(What the task asks) Print out the data precisely as it appears here, with no pictures.

[Excerpted data — start]

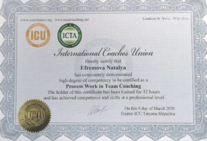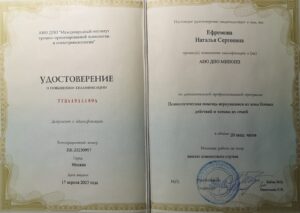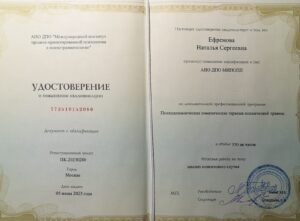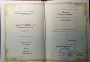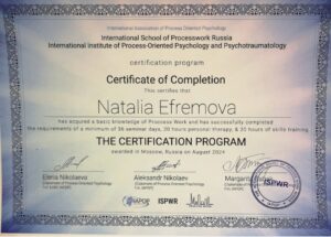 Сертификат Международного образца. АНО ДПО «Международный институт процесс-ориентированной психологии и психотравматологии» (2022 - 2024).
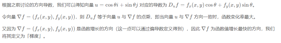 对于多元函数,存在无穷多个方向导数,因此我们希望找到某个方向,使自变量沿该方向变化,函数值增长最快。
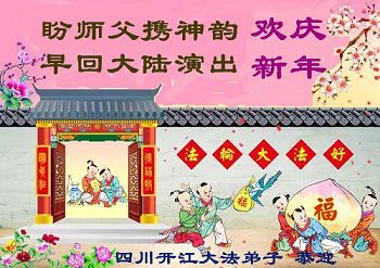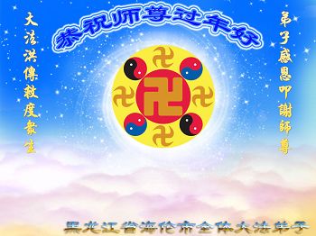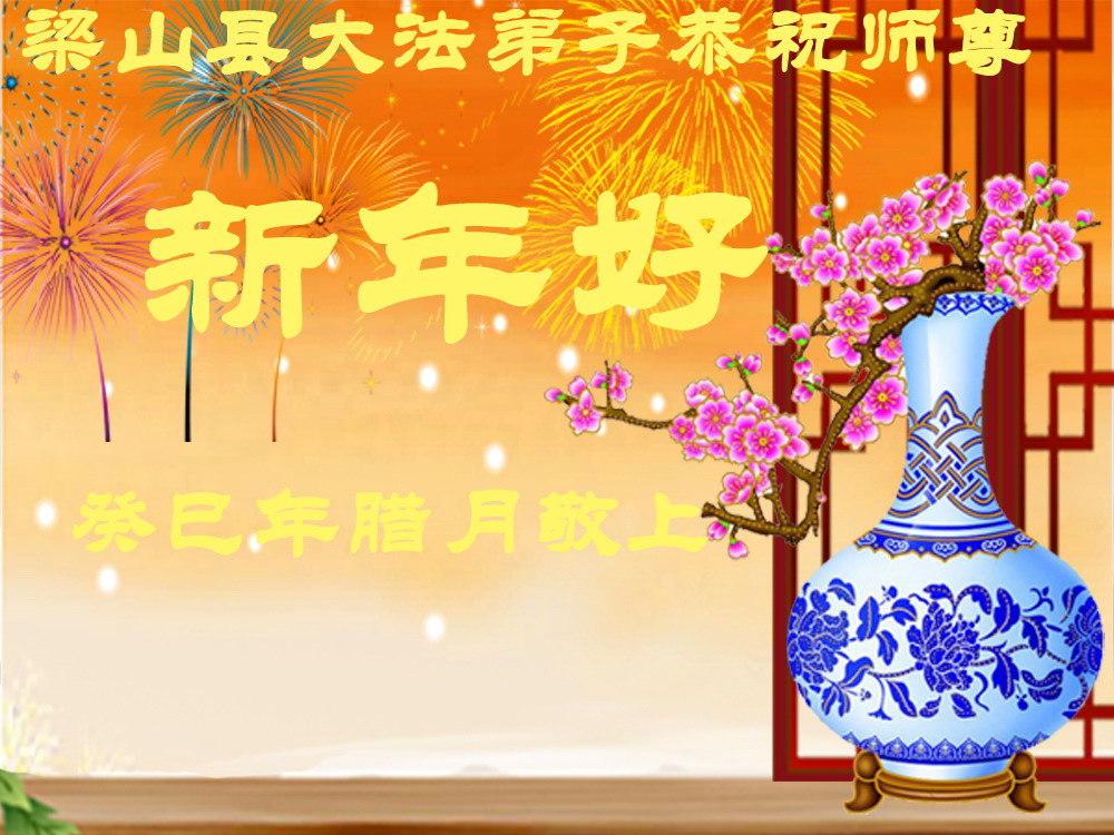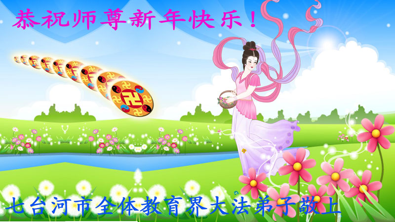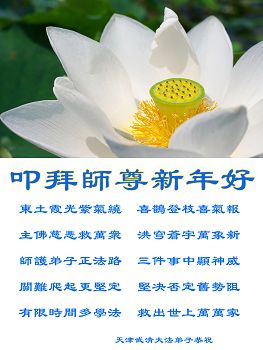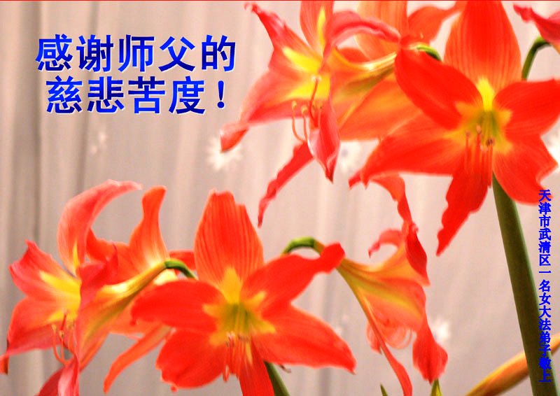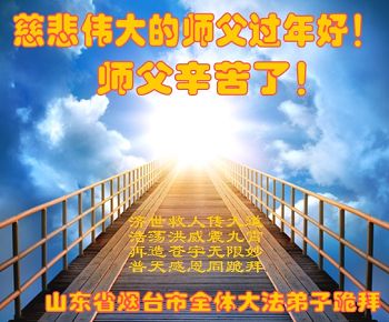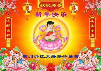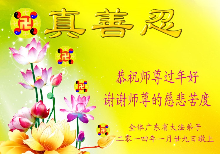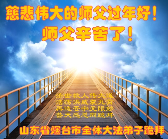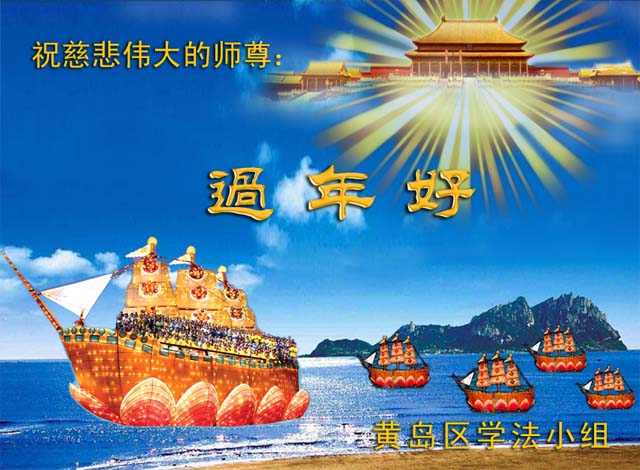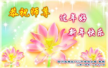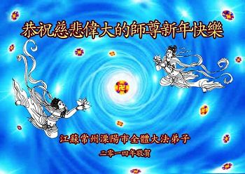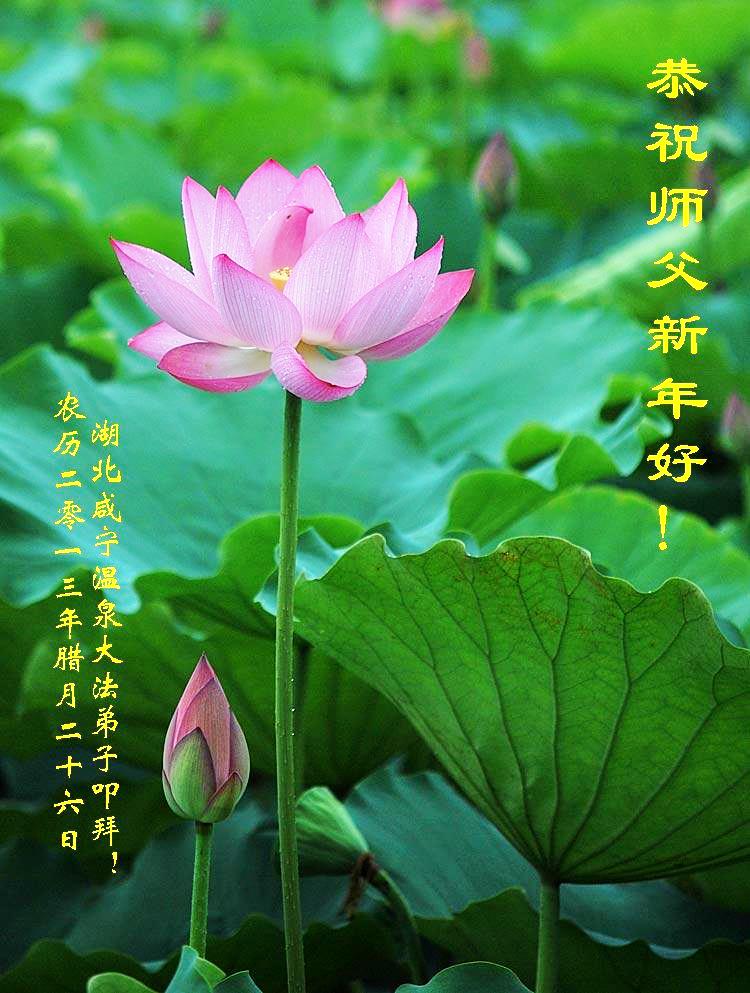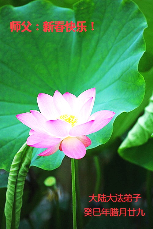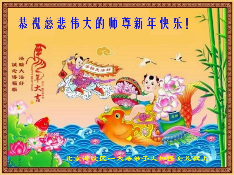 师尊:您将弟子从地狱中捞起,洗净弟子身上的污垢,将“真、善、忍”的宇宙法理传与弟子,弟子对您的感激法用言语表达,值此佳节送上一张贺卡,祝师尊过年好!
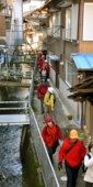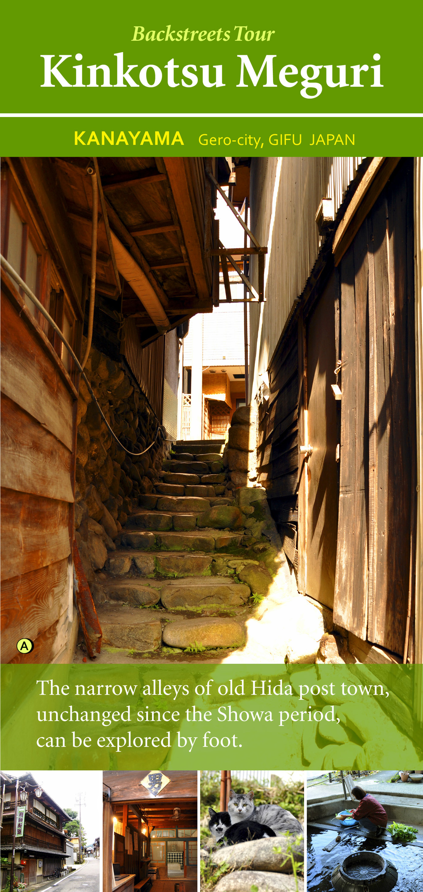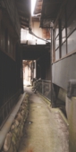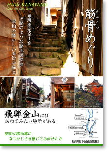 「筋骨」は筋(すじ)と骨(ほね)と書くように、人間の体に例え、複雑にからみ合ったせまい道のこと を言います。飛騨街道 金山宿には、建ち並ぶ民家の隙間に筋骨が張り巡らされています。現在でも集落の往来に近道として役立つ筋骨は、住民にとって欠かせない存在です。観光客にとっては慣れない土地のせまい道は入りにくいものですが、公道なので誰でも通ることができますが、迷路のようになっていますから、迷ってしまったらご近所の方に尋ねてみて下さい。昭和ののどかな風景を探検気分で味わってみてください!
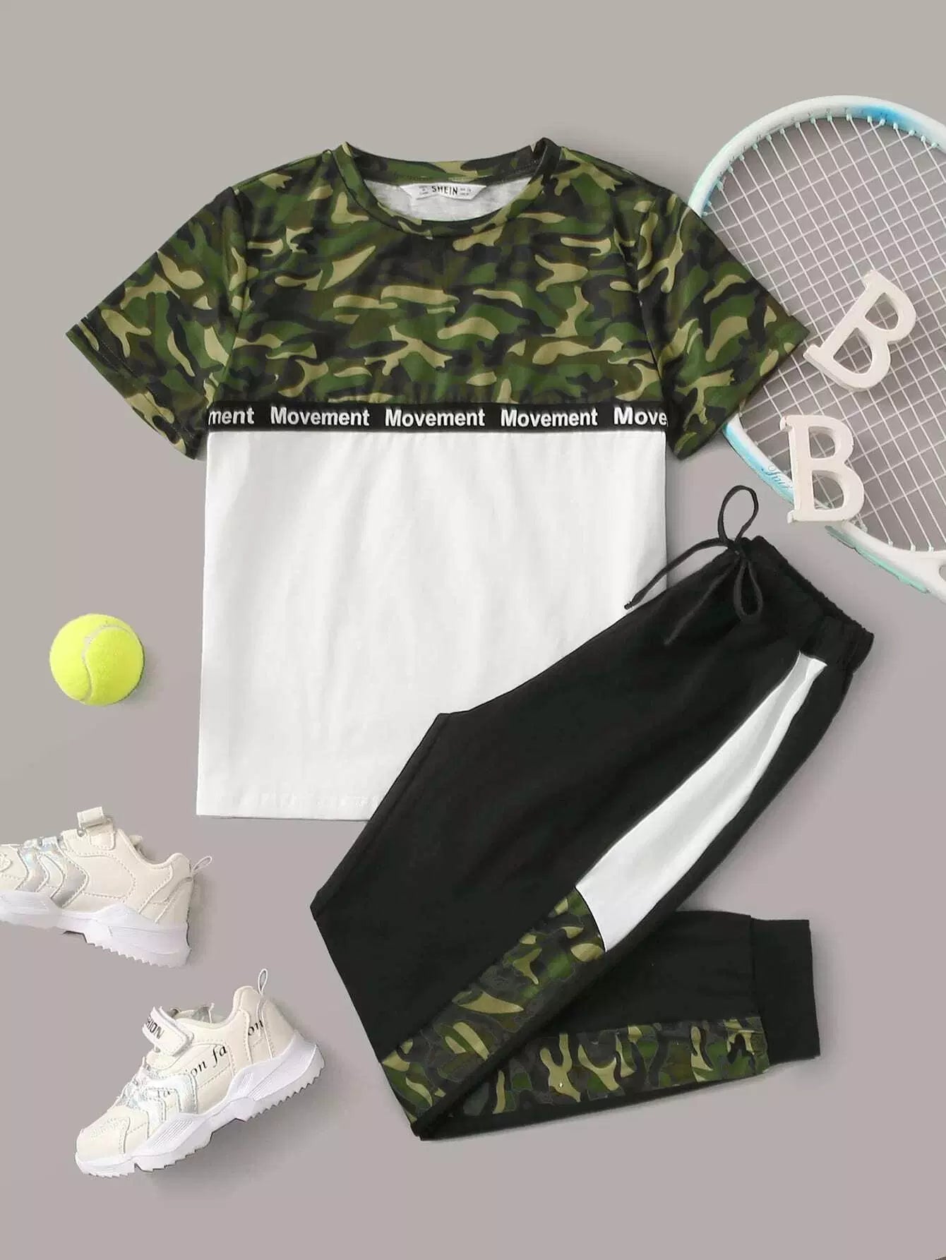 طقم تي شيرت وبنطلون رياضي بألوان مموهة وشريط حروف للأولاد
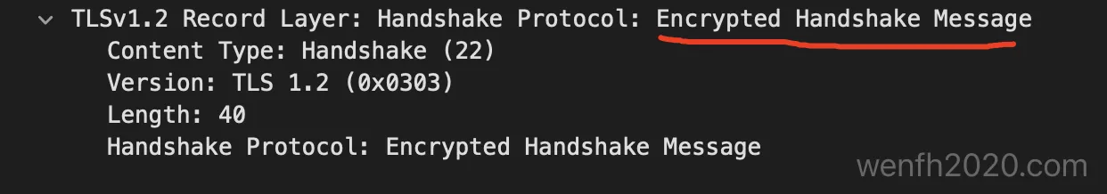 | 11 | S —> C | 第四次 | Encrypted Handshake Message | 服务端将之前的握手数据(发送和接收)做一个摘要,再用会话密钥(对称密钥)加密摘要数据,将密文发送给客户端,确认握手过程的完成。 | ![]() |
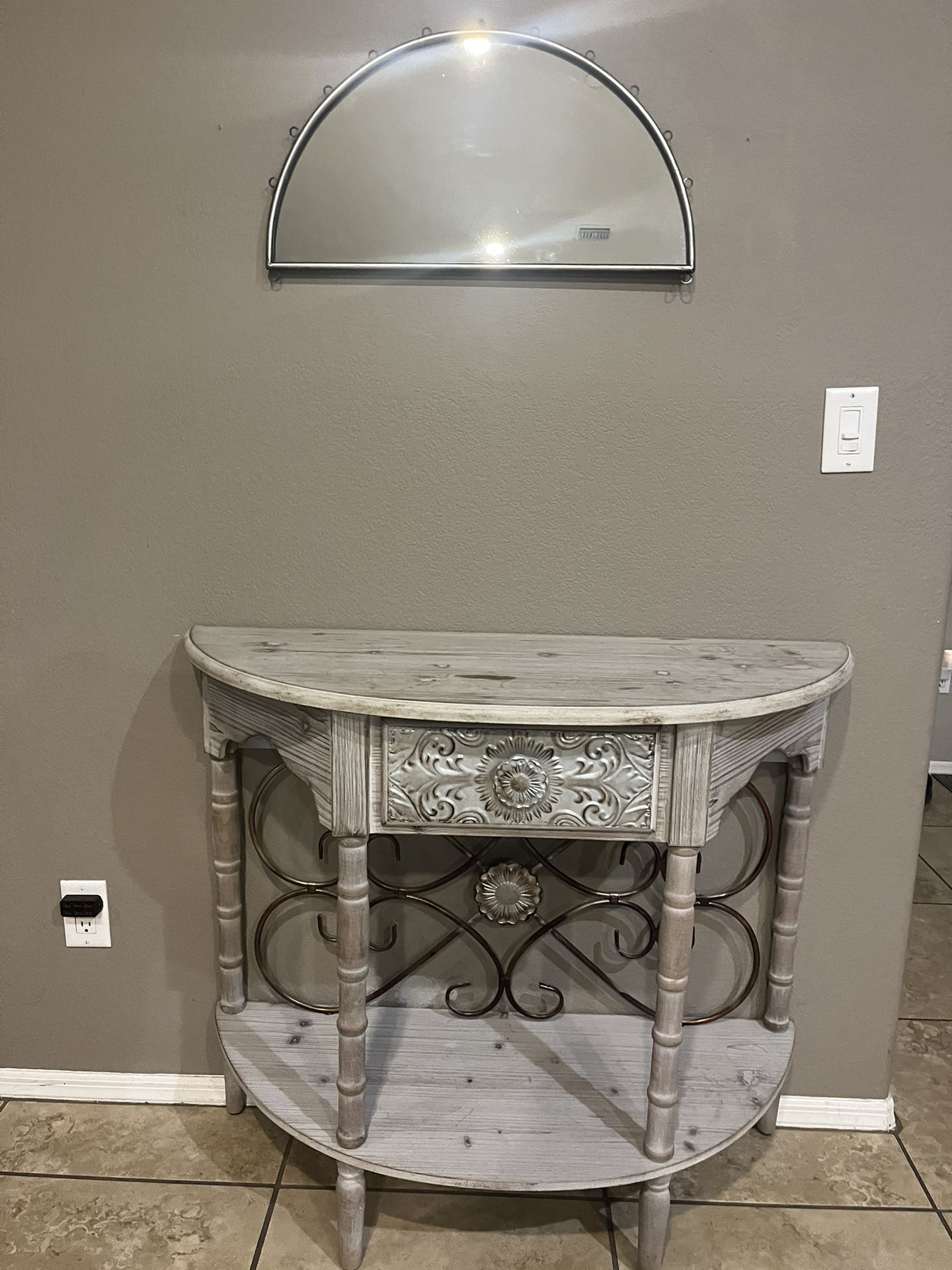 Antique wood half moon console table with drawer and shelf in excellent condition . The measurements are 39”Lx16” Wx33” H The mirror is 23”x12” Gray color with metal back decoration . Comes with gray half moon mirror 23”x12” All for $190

[Excerpted data — finish]

(Result of the exercise)
 Сертификат Международного образца. АНО ДПО «Международный институт процесс-ориентированной психологии и психотравматологии» (2022 - 2024).
 对于多元函数,存在无穷多个方向导数,因此我们希望找到某个方向,使自变量沿该方向变化,函数值增长最快。
 师尊:您将弟子从地狱中捞起,洗净弟子身上的污垢,将“真、善、忍”的宇宙法理传与弟子,弟子对您的感激法用言语表达,值此佳节送上一张贺卡,祝师尊过年好!
 「筋骨」は筋(すじ)と骨(ほね)と書くように、人間の体に例え、複雑にからみ合ったせまい道のこと を言います。飛騨街道 金山宿には、建ち並ぶ民家の隙間に筋骨が張り巡らされています。現在でも集落の往来に近道として役立つ筋骨は、住民にとって欠かせない存在です。観光客にとっては慣れない土地のせまい道は入りにくいものですが、公道なので誰でも通ることができますが、迷路のようになっていますから、迷ってしまったらご近所の方に尋ねてみて下さい。昭和ののどかな風景を探検気分で味わってみてください!
 طقم تي شيرت وبنطلون رياضي بألوان مموهة وشريط حروف للأولاد
 | 11 | S —> C | 第四次 | Encrypted Handshake Message | 服务端将之前的握手数据(发送和接收)做一个摘要,再用会话密钥(对称密钥)加密摘要数据,将密文发送给客户端,确认握手过程的完成。 | ![]() |
 Antique wood half moon console table with drawer and shelf in excellent condition . The measurements are 39”Lx16” Wx33” H The mirror is 23”x12” Gray color with metal back decoration . Comes with gray half moon mirror 23”x12” All for $190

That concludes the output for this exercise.